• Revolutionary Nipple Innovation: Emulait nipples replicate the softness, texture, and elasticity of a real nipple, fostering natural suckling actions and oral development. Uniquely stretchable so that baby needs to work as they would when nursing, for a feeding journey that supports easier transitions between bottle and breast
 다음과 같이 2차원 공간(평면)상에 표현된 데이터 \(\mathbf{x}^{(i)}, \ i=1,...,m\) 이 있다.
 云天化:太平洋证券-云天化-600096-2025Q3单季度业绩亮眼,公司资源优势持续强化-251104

==

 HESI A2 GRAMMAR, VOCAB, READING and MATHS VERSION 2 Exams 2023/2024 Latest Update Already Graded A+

### EXERCISE OBJECTIVE
Would you output, from the records above, exactly the run of lines that starts at the line containing "bottle and breast" and ends at the line containing "云天化:太平洋证券-云天化-600096", and only that run?

### RESULT
• Revolutionary Nipple Innovation: Emulait nipples replicate the softness, texture, and elasticity of a real nipple, fostering natural suckling actions and oral development. Uniquely stretchable so that baby needs to work as they would when nursing, for a feeding journey that supports easier transitions between bottle and breast
 다음과 같이 2차원 공간(평면)상에 표현된 데이터 \(\mathbf{x}^{(i)}, \ i=1,...,m\) 이 있다.
 云天化:太平洋证券-云天化-600096-2025Q3单季度业绩亮眼,公司资源优势持续强化-251104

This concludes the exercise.